Problem :
Let $x\geq 2$ : $$\int_{0}^{x}\frac{\sin\left(t\right)}{t}dt>\frac{\frac{\pi}{2}x-1}{x}+\frac{\left(1-e^{-x}\right)}{x^{3}}>\arctan(x)$$
I can show one of the side let introduce :
$$f(x)=\frac{\frac{\pi}{2}x-1}{x}+\frac{\left(1-e^{-x}\right)}{x^{3}}-\arctan(x)$$
Then :
$$f'(x)=(-1/(x^{2}+1)+e^{-x}(x+3)-2)/x^{4}$$
We have :
$$e^{-2}(2+3)<2$$
So the derivative is clearly negative and it limits is zero so we have the inequality .
For the other side I have tried power series without any effect .Also in the second reference there is a link with exponential integral so perhaps we can use complex analysis .

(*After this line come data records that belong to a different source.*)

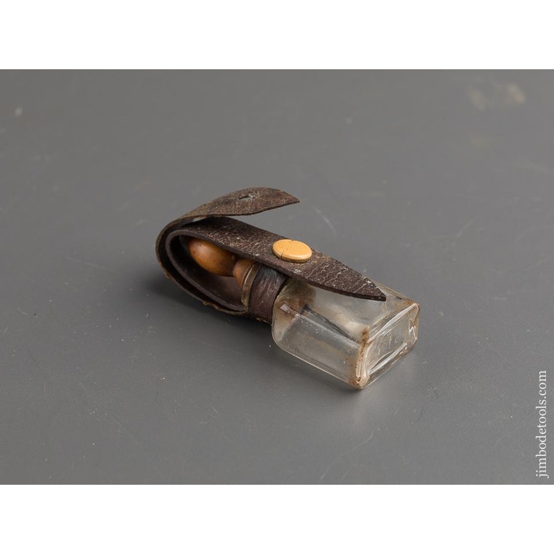 An oil can or bottle in this case that hangs on a button and has a brush applicator. 2 7/8 inches tall. Marked 213 on the bottom of the bottle.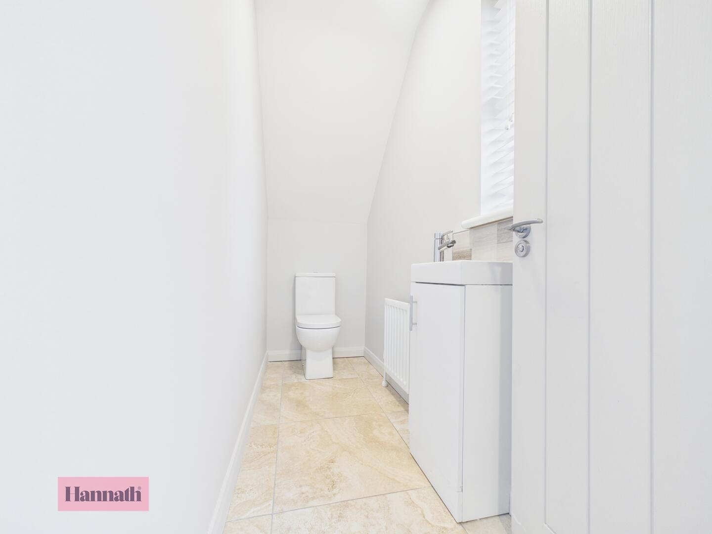 This WC is narrow and functional with a modern white suite including a toilet and basin, complemented by floor tiles and a window to the side allowing natural light.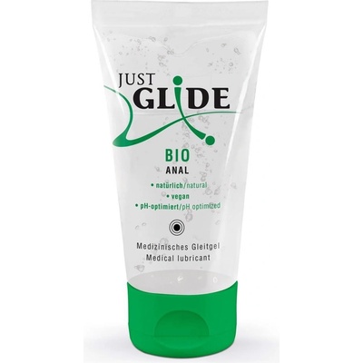 Anální lubrikační gel JUST GLIDE BIO Anal 50 ml na bázi vody se zvláčňujícími a zvlhčujícími účinky. Neobsahuje tuky ani oleje.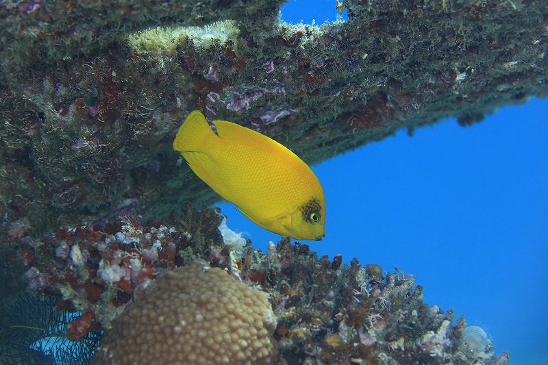 浅瀬には、黄色の体で目の上にアザのような模様がある、ヘラルドコガネヤッコひらめき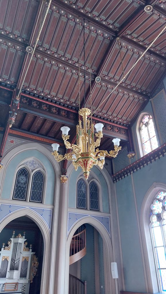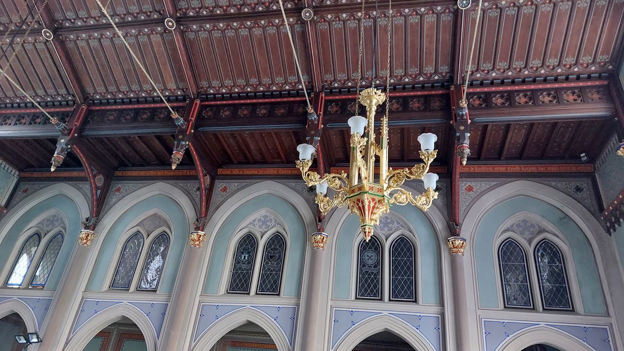 Neben der aufwändig dekorierten Holzdecke fallen besonders die beiden sechsarmigen Kronleuchter mit einer Höhe von 2,1 m und einem Durchmesser von 1,6 m ins Auge. Doch auch die großen Fenster aus Buntglas verleihen dem Saal eine einzigartige Atmosphäre. Hier lassen sich Veranstaltungen, Empfänge und Feierlichkeiten von 40 bis 120 Personen durchführen." (zietiert nach: domevents.de)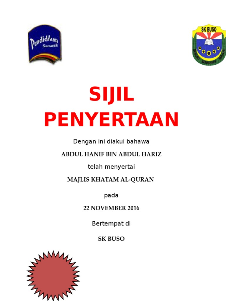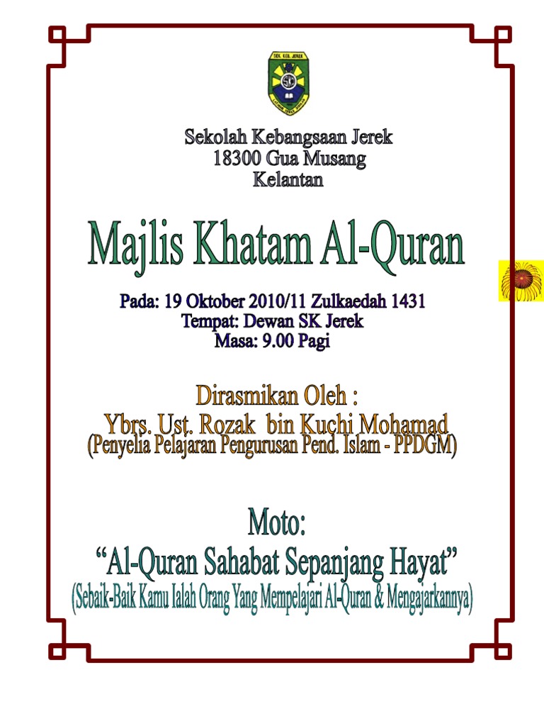 Majlis Khatam Contoh Sijil Khatam Al Quran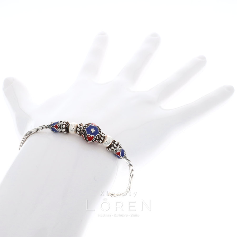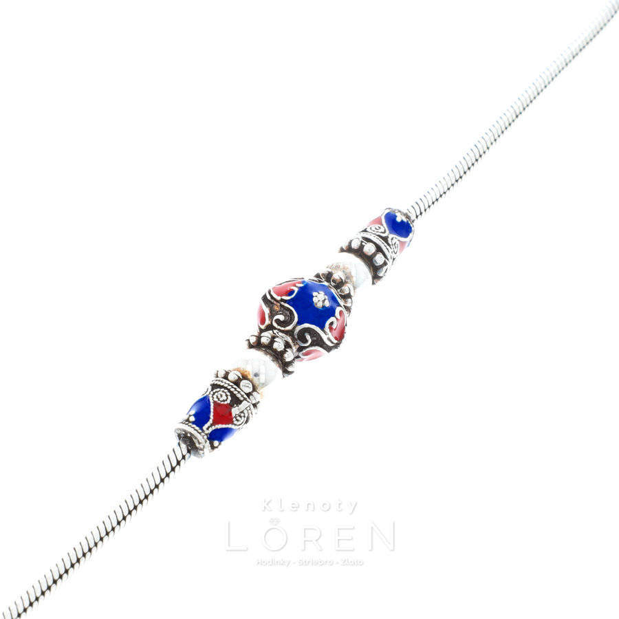 Jemný, dámsky, strieborný náramok modro červený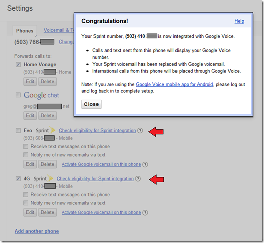 For discussion purposes to try simplify things, I’m going to refer to this integrated-Google-Voice-Sprint-Account customer experience as “Sprint Integration” for the remainder of this post.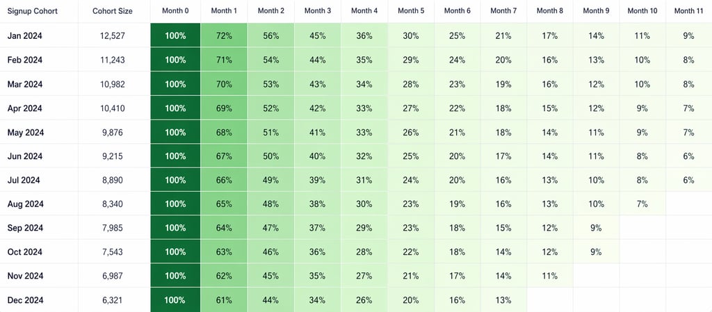 Total revenue can hide a retention problem. If you're constantly winning new customers but losing existing ones at the same rate, your business is essentially running on a treadmill. Cohort analysis shows you whether customers are actually sticking around, and for how long.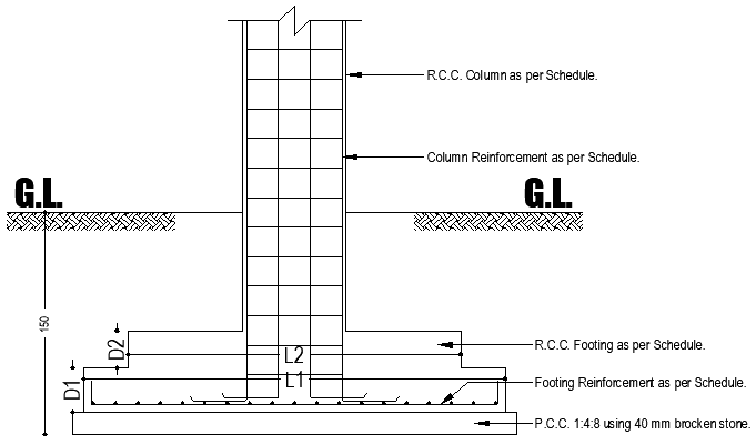 Footing detail lintel beam of kadavoor church details are given in this 2D Autocad DWG drawing file. In this drawing model footing reinforcement section is given. RCC column is given as per schedule, column reinforcement, RCC footing, footing reinforcement and PCC is 1:4:8 with 40mm broken stone are provided. Download the 2D Autocad DWG drawing file. Thank you for downloading the 2D AutoCAD DWG drawing file and other CAD program files from our website.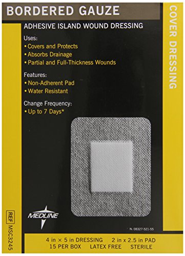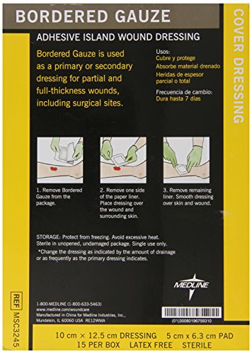 -. Title : Medline Gauze Border Pad Sterile, 4 Inch x 5 Inch 2 Inch x 2.5 Inch, 15 Count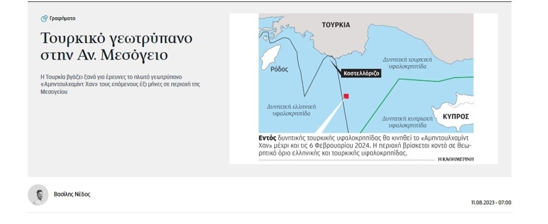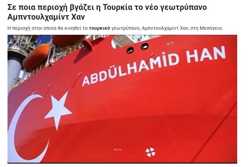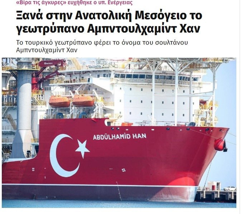 i-Eidiseis'in de gündeminde sondaj gemisi vardı. Yunanistan'ın merakla beklediği haberi duyuran gazete, "İşte Abdülhamid Han'ın görev alacağı yeni bölge" sözlerine yer verdi.

Using @JackD'aurizio answer we can compare :
$$\frac{\cos\left(a\right)+x\sin\left(a\right)}{\left(1+x^{2}\right)e^{ax}},\frac{f'\left(xa\right)}{a}$$
Where :
$$f\left(x\right)=\frac{1}{x}-\frac{\left(1-e^{-x}\right)}{x^{3}}$$
How to show it ?
Reference :
Prove that $\int_0^x \frac{\sin t}{t} dt > \arctan x $ for $x>0$